Meningkatkan Motivasi Hidup dengan Demotivasi

Buku Kumpulan Kalimat Demotivasi Syarif Maulana

Judul buku: Kumpulan Kalimat Demotivasi II: Panduan Hidup Bahagia untuk Medioker

Pengarang: Syarif Maulana

Penerbit: Buruan & Co

Tebal Halaman: 98 hal + xiv

Dalam sebuah diskusi virtual saya dengan beberapa kawan milenial, ada satu topik menarik yang diangkat. Salah satu peserta bercerita bahwa sejak kecil ia diajari semangat dan motivasi untuk menggapai kesuksesan. Hidupnya kemudian termotivasi untuk sukses. Hal itu ditandai dengan berbagai pencapaian dan prestasi, baik secara akademis maupun organisasi. Sejak SD hingga kuliah, ia mengejar nilai tinggi, juara, dan lulus memuaskan. Setelah itu, ia bekerja di perusahaan atau lembaga ternama. Segala hal yang ia perjuangkan sejak kecil, telah diraih.
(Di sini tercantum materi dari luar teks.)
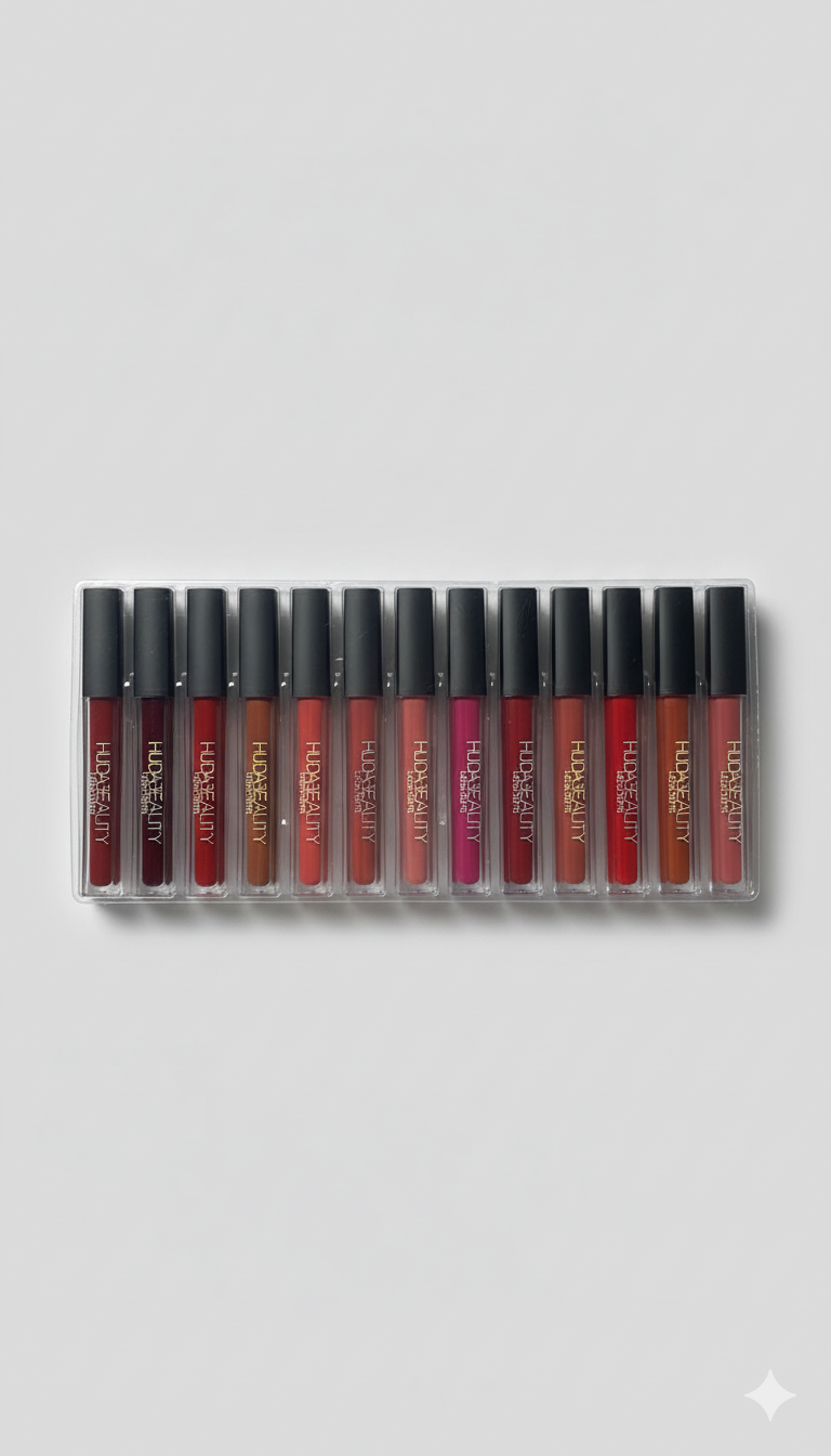 Huda Beauty Matte Lip Gloss- 12 -Piece Liquid Gloss Collection.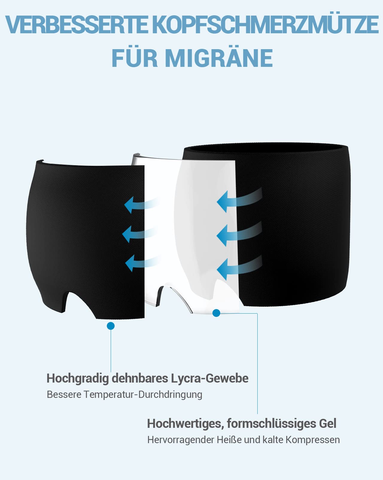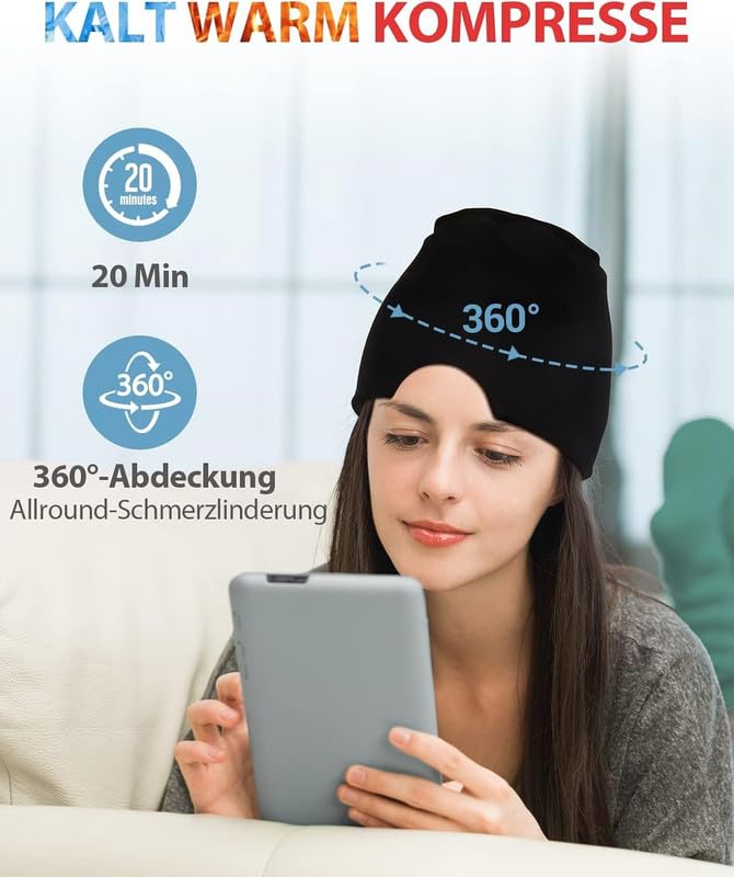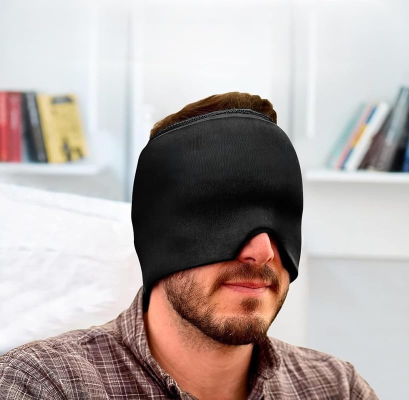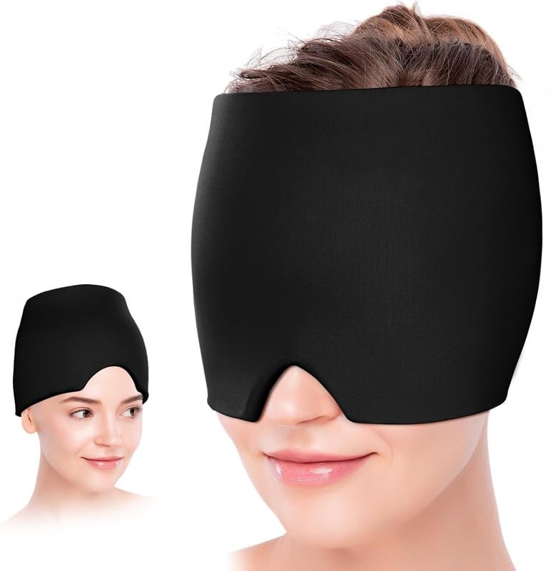 قناع جل لتخفيف الصداع النصفي، قبعة علاجية قابلة للتمدد والتبريد، غطاء ثلج ضاغط لتخفيف الصداع، قناع نوم للعين لتخفيف الصداع النصفي والتوتر وآلام الجيوب الأنفية

Namun, ia kini justru mengalami semacam kehilangan makna, karena kembali diburu oleh motivasi-motivasi untuk terus berprestasi. Dengan ketatnya persaingan karir di kantor, seolah kesuksesan ini belum cukup. Ia merasa harus terus menerus berlari mengejar sukses dan karir.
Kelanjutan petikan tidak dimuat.